Introduction to Algorithms (IALG) course is designed to introduce the algorithmic approach to programming. Data-structures and algorithms together form a solid base on which one can easily build programming expertise. Each algorithm is explained in detail, its usage and data-structure requirements. Implementations are discussed in C++ and STL implementation (if available) is discussed.

Design and analysis techniques such as greedy algorithms, amortized analysis and dynamic programming are discussed. Exponential complexity algorithms are introduced and approximate solutions touched upon. The course has various exercises around algorithms. The course can be completed in around two weeks time. We also suggest you to go through our blog on Art of Programming: Data Structures to gain an insight into why it makes sense to learn more about data structures and algorithms.


  1. Strong focus on hands-on programming experience
  2. Gain insight into how to choose the right algorithm for your programming problem
  3. Familiarity with C++ algorithm libraries
  4. Discuss with the instructors on the forums as much as you want

Instructors and Forum Moderators

This course is taught by Anup Gangwar and Basant Dwivedi. They will be moderating the course forums as well as lead the contact sessions.

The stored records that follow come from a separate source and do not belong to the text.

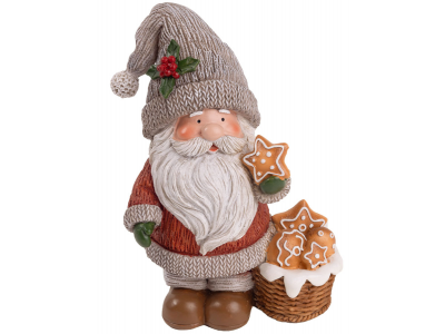 Slatka figura Deda Mraza sa neobičnom štrikanom kapicom i punom korpom medenjaka unosi priziva miris praznika u vaš dom. Veselih boja i pažljivo izrađenih detalja, ovaj Deda Mraz deluje kao da je upravo stigao iz božićne pekare.Dimenzije figure su 17x10cm, izrađena je od kvalitetnog polirezina.
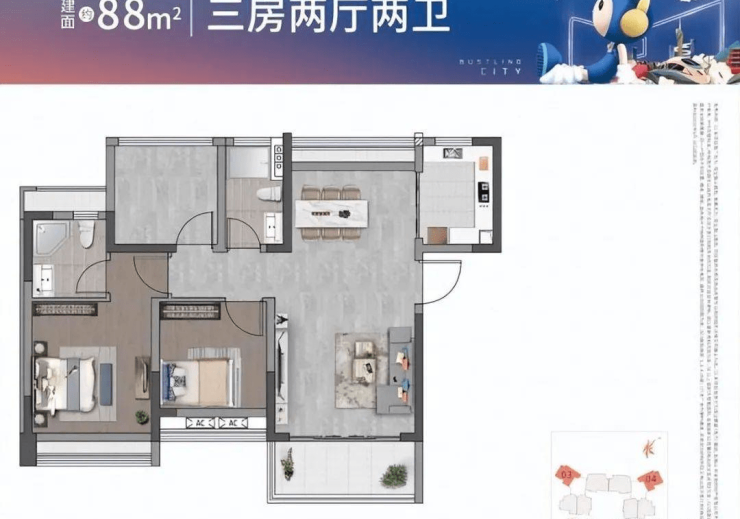 建面约88m²户型,做出了3房2厅2卫,实用率非常。
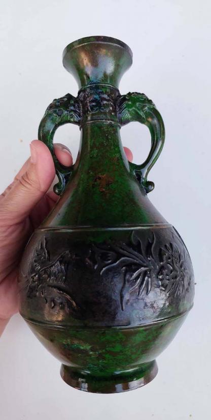 **วัดใจ***แจกันทองสัมฤทธิ์เก่าทรงโบราณ หูมังกร สูง 8.5 นิ้ว ปาก 2.5 นิ้ว
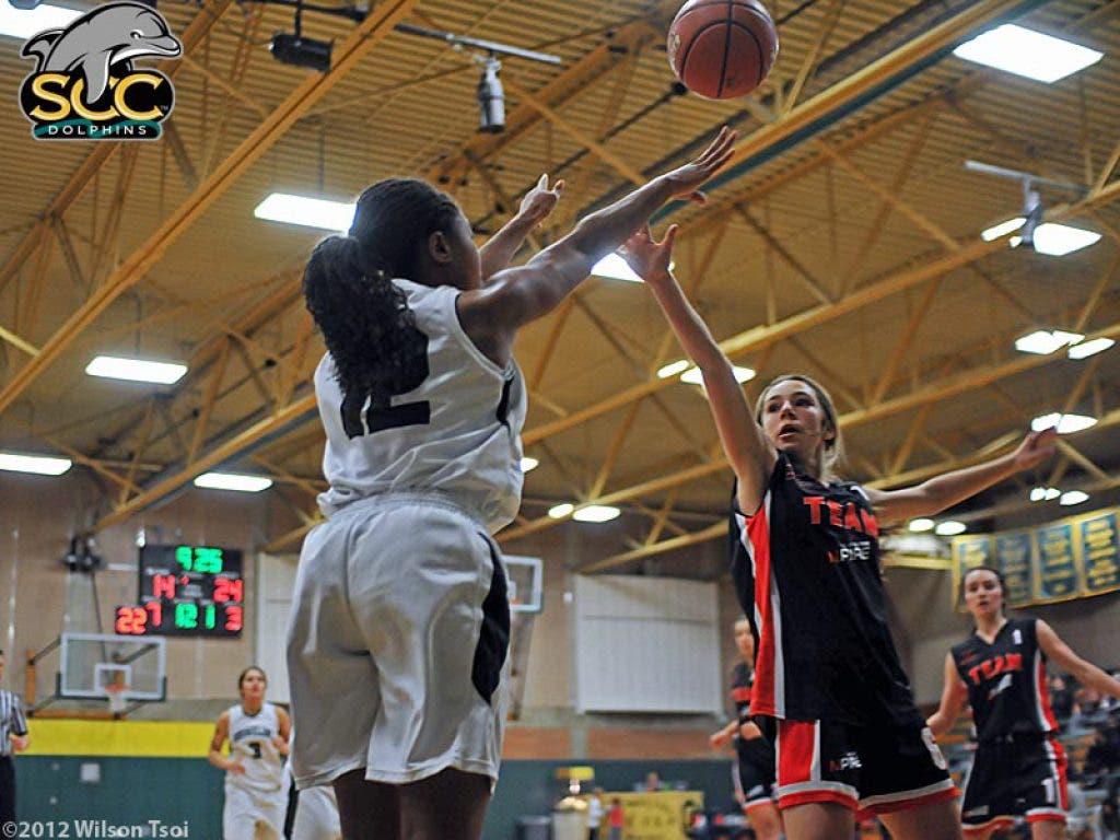 SCC had no double figure scorers and was led by Maile Keanu and Emily Wilbur with 9 points each. Caitlin Roussopolos had 12 rebounds for the Dolphins while Hannah Stanger added 10.
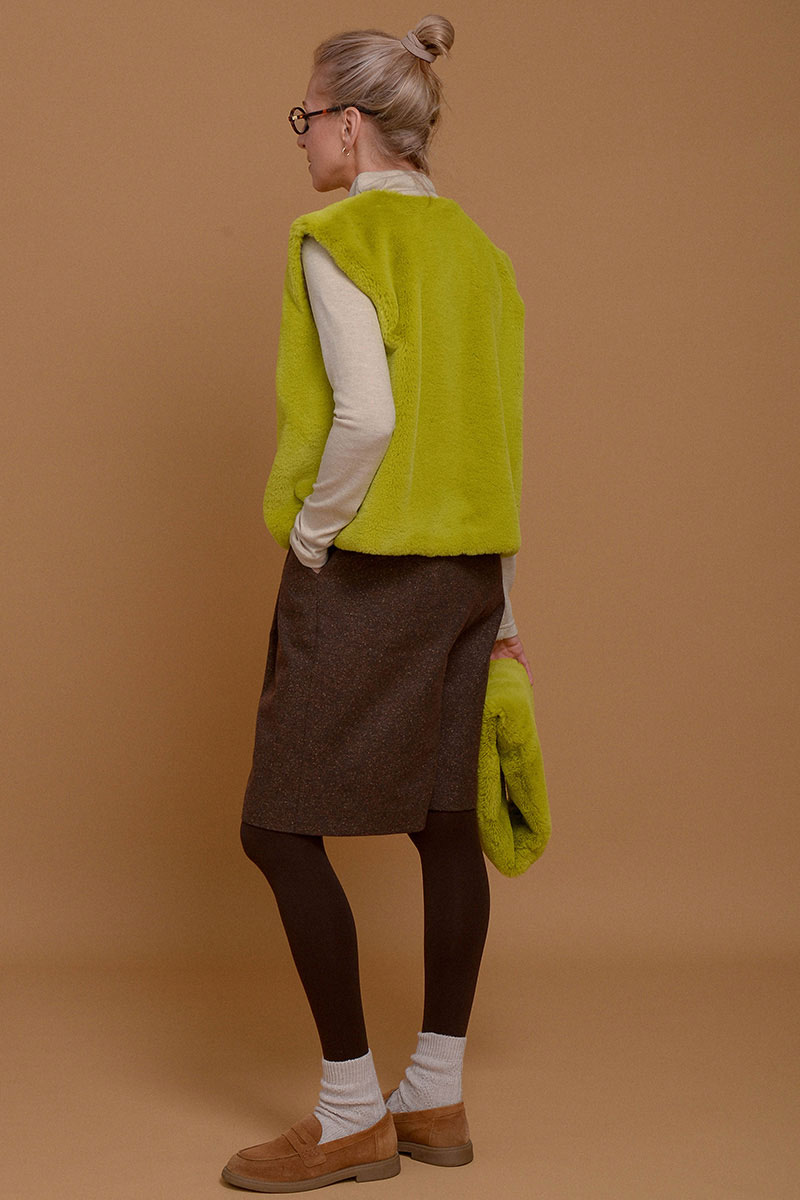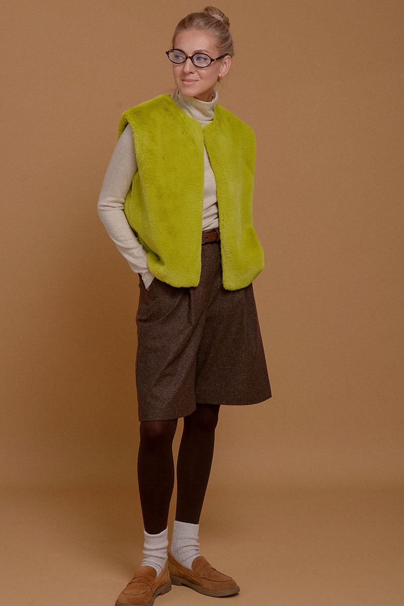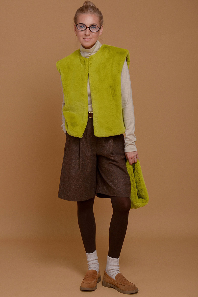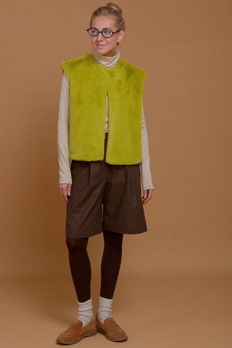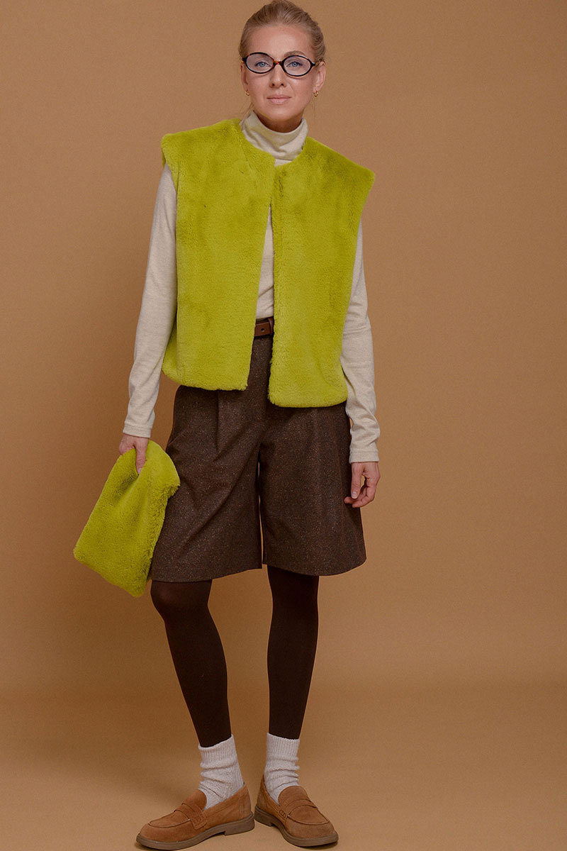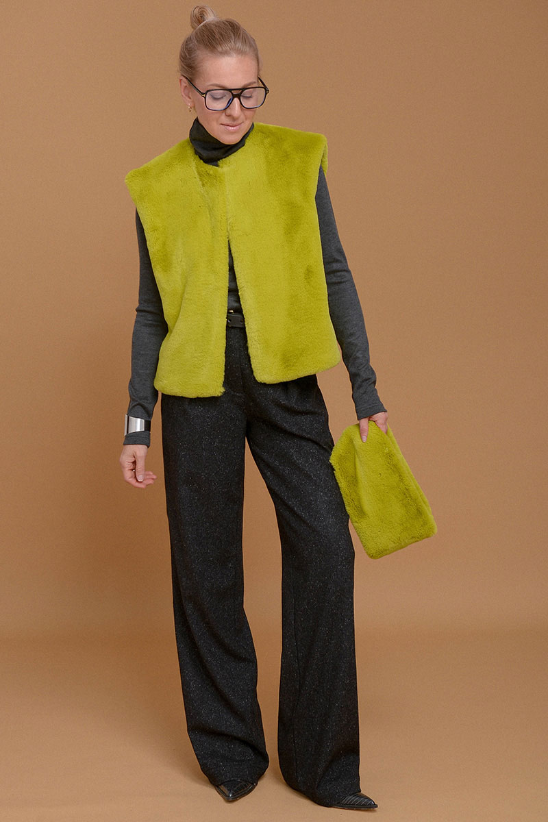 Жилет из итальянского экомеха с высоким воротником в невероятно красивом зеленом оттенке шартрез. Добавит свежести и уюта к любому образу. Настолько нежный, что с ним не захочется расставаться. Высокий воротник можно носить отдельно от жилета в качестве стильной замены шарфа. Жилет дополнен приятной к коже подкладочной тканью из твила. Без застежки. Используйте жилет как дополнительный согревающий слой под пальто или куртку.
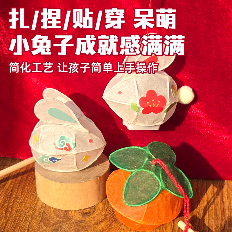 手工diy迷你灯笼剪纸非遗花朵材料儿童全套装 兔子柿子灯女孩礼物
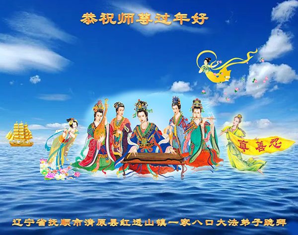 辽宁省抚顺市清原县红透山镇一家八口大法弟子恭祝师尊过年好!

This course assumes a sufficient background in the 'C++' programming language, familiarity with Linux and good exposure to data-structures. If you have experience in working with any other UNIX system, then it is fine too. We recommend that you take up the courses User Level Linux, Programming With C++ and Data Structures to gain sufficient background before taking up this course.

Who should take the course


This course is at beginners level. Most of the topics are treated with programming point of view. Focus is to expose you with the common algorithms, their complexity, basic idea behind these algorithms and popular algorithm design techniques. However, detailed theory behind individual algorihtms are not discussed. There are excellent text books such as "Introduction to Algorithms by Thomas H. Cormen et al." for detailed theory and proofs.

Detailed Description

The first few sections provide the background which is necessary for further sections. Subsequent sections pick up one algorithm and delve deeper providing C++ as well as STL implementations wherever available. Table of content for this course is as follows.

  1. Introduction
    • What is a data structure
    • Why learn data structures
    • Integrating data structures in the program design
  2. Standard Notations
    • Counting example
    • Asymptotic growth of functions
    • Commonly used functions and notations
    • Pseudo code conventions
  3. Analysis of Data Structures
    • What should be analyzed
    • Performance analysis
    • Memory usage analysis
    • Memory access analysis
  4. Solving Recurrences
  5. Sorting
    • What is sorting
    • Where is sorting used
    • Why is it important to have efficient sorting
  6. Sorting - Merge Sort
    • Description
    • Pseudo code
    • Complexity analysis
    • Implementations
  7. Sorting - Quick Sort
    • Description
    • Pseudo code
    • Complexity analysis
    • Implementations
  8. Sorting - Heap Sort
    • Description
    • Pseudo code
    • Complexity analysis
    • Implementations
  9. Searching
    • What is search
    • Where is search used
    • Why is it important to have efficient search
  10. Searching - Binary Search
    • Description
    • Pseudo code - array implementation
    • Pseudo code - BST implementation
    • Complexity analysis
    • Implementations
  11. Graph Algorithms
    • What are graph algorithms
    • Where are graph algorithms used
    • Why is it important to have efficient graph algorithms
  12. Graph Algorithms - Topological sorting
    • Description
    • Pseudo code
    • Complexity analysis
    • Implementations
  13. Graph Algorithms - Connected components
    • Description
    • Pseudo code
    • Complexity analysis
    • Implementations
  14. Graph Algorithms - Dijkstra Algorithm
    • Description
    • Pseudo code
    • Sample run
    • Complexity analysis
    • Implementations
  15. String Matching Algorithms
    • Brute force
    • Rabin Karp
  16. Greedy Algorithms
    • Description
    • When will greedy strategy work
  17. Dynamic Programming
    • Description
    • When to apply dynamic programming
  18. Amortized Analysis
    • Description
    • STL vector analysis
  19. Exponential Complexity Algorithms
    • Introduction
    • Graph coloring
    • Graph scheduling
    • Heuristics
    • Approximation algorithms
  20. References

The objective of this course as outlined above is to help you understand common algorithms and how to write programs around them. After finishing this course, you will be able to pick the right algorithm or design new ones for your programming problems. You will also be able to perform analysis and make appropriate trade-offs.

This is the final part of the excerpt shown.